To be able to support deployment of utility grade systems, an Enterprise Cloud Solution should scale from a small cluster to hundreds of thousands of physical machines without performance degradation.

Specific questions to be asked:

  • How scalable is the solution?
  • What are the operational overhead implications associated with scaling?
  • How is performance impacted with scale?

Reliability

At large scale, failures are the norm, so being able to automatically deal with failures dramatically reduces operational burden..Ideally an Enterprise Cloud Solution should be self-healing and self-organizing with no single points of failure.  Sophisticated fail over mechanisms should be employed to ensure system integrity and resilience. Failover management should be completely automated to ensure no service interruption.

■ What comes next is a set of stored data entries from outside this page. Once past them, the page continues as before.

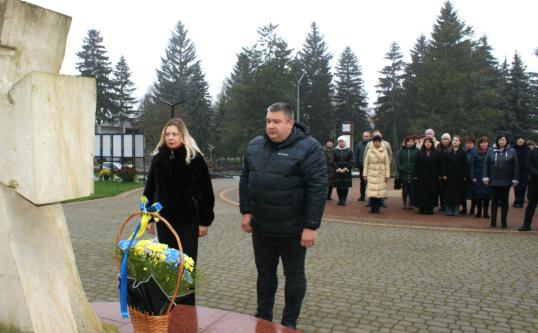 Міський голова Вячеслав Поліщук та секретар міської ради Надія Зінгель поклали квіти до пам’ятного знаку «Борцям за волю та незалежність України».
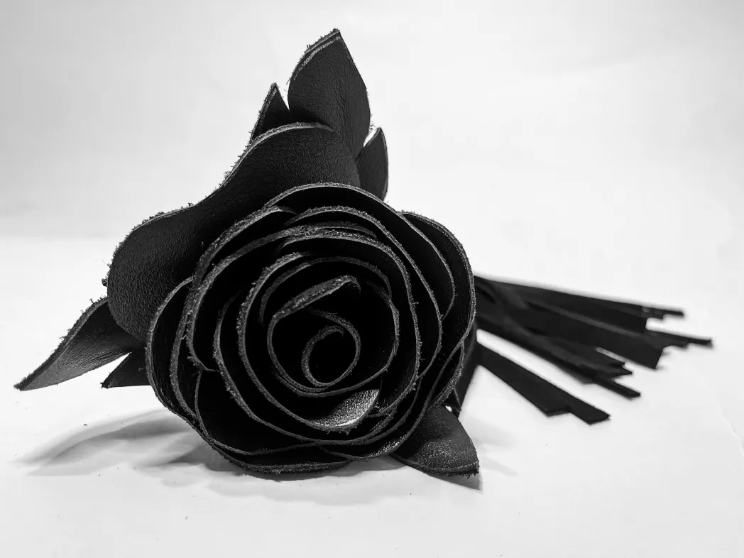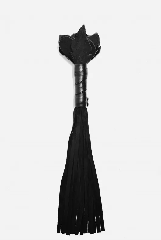Восхитительная мини-плеть, украшенная чёрной розой. Цветок и рукоятка полностью выполнены из мягкой натуральной кожи, а хвосты плети-натуральная мягкая замша. Размеры этой плети очень изящны - общая длина всего 40см, поэтому данную плеть можно использовать, как генитальную, чтобы добавить новых ярких ощущений. Розочка очень удобно лежит в руке и создает неповторимую атмосферу и настроение, этот аксессуар никого не оставит равнодушным!
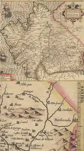 Avec l'arrivée des Suèves d'Europe centrale entre 409 et 411[5], la Galice cesse d'être la province romaine Gallaecia[6], pour devenir finalement un royaume dont la cour est installée à Braga, un royaume que les Suèves tentent rapidement d'agrandir vers le sud aux dépens de l'Empire romain, en incorporant à leur domaine, et de façon permanente, une bonne partie de la province romaine de Lusitanie, et en parvenant même à y inclure temporairement sa capitale Emerita Augusta (devenue Mérida)[7] en 439, et même la ville de Séville en 441, villes qui sont finalement abandonnées à la suite de la réaction des Wisigoths, dont l'épisode le plus important est la bataille de la rivière Órbigo.
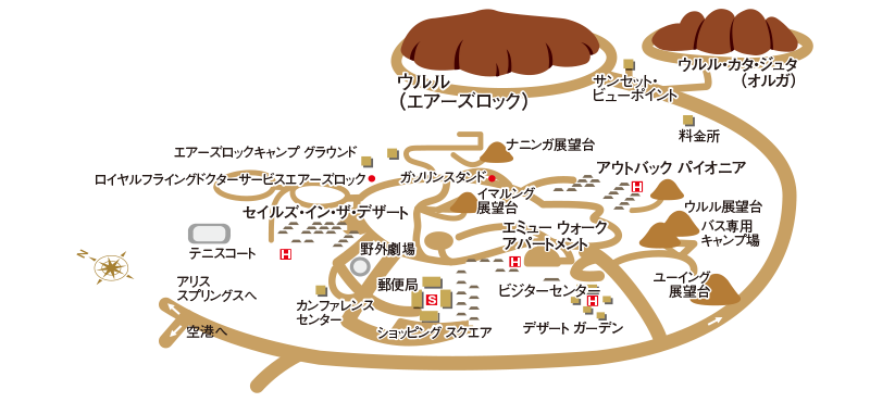 無料シャトルバスがリゾート内を10:30~24:00の時間帯に、毎日20分おきに運行しています。各ホテルからリゾートタウンススクエア、ウルルらくだ牧場、キャンプ場に発着します。
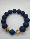 Blue Friendship Bracelet - 2 Gold Beads (stretch)
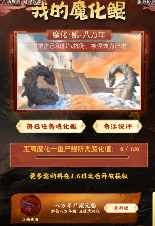 绘制完成后,可以在本活动内提前“培养”自己的鲲鲲到“八万年”,只需要完成非常简单的任务~当魔化值累计解锁到“八万年”阶段后,即可解锁八万年尸鲲元胎的领取资格,在1月7日0点就可以领取到游戏内了!
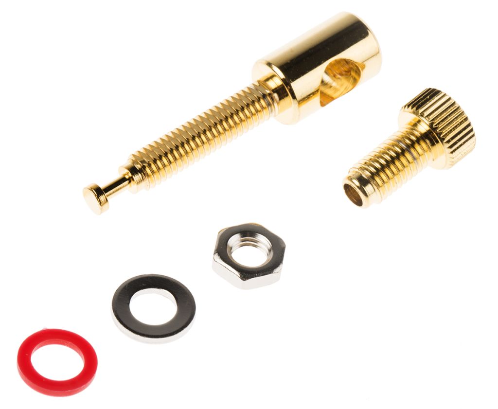 High quality, gold plated 4mm audio connectors. The plug is stackable with a large entry hole which accepts cable up to a maximum of 7.5mm O.D. or cable may be clamped via the knurled screw. The chassis terminal accepts 4mm plugs in the top, and again has a large entry hole to accept cable up to a maximum of 7.5mm O.D. Maximum panel thickness 20mm. Connectors are available colour coded in either red or black. For suitable cable see stock no. 460-190.
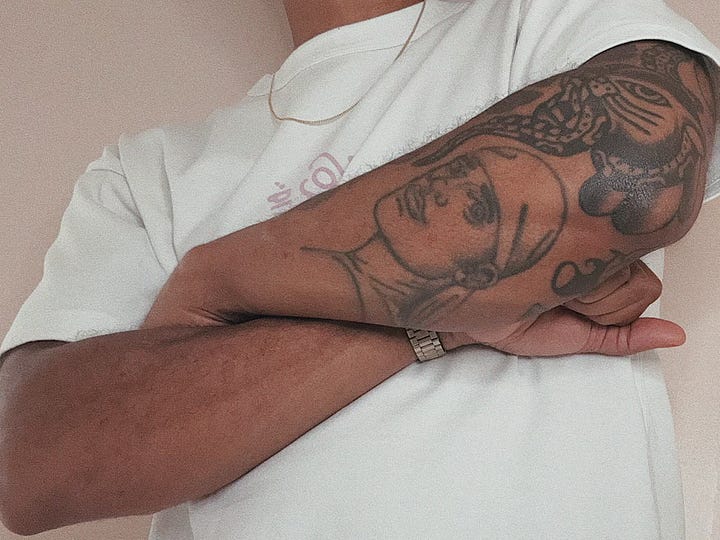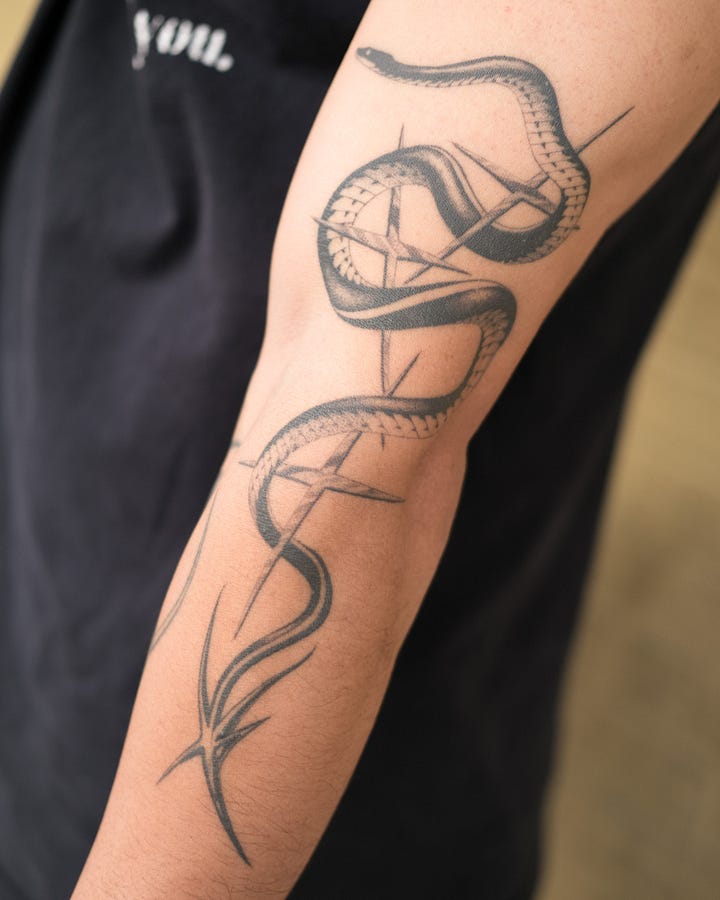 It feels like everyone in my friend circles is actively looking to get tattooed right now. Our 3sixteen NY team routinely rolls in with fresh ink and talks about who they’re trying to get an appointment with next. A close friend just started getting tattooed in 2025 when he hit a milestone year and now he cannot be stopped. Tattoo artists who are friends of the brand come into the shop and tell us that they are booked out for months. Viv Chen even posted a video about how she currently sees getting tattoos like having kids, i.e. “I’m not actively trying to get tattoos, but if it happens it happens” - a sentiment I vibe with heavy.

Specific questions to be asked:

  • Are there single points of failure in the solution’s architecture?
  • What redundancy mechanisms are in place?
  • Is failover management automated?

Monitoring and Metering

Ideally an Enterprise Cloud Solution should record all system requests, incidents and events, creating a rich audit trail. The monitoring system should be able to integrate with external analysis software.

Specific questions to be asked:

  • Does the monitoring and metering provided by the system support the needs of your organization?
  • Can monitoring be integrated with your existing monitoring infrastructure e.g. is SNMP supported?

In Summary

With the number of Enterprise Cloud Solutions on the market increasing and the implications of moving to the cloud representing a substantial investment in product procurement and staff training and time, it is critical that solution choice be carefully considered. Thorough evaluation of Enterprise Cloud Solutions against the indicators outlined above will ensure the best chance of your organisation enjoying the true benefits of public cloud infrastructure behind the firewall.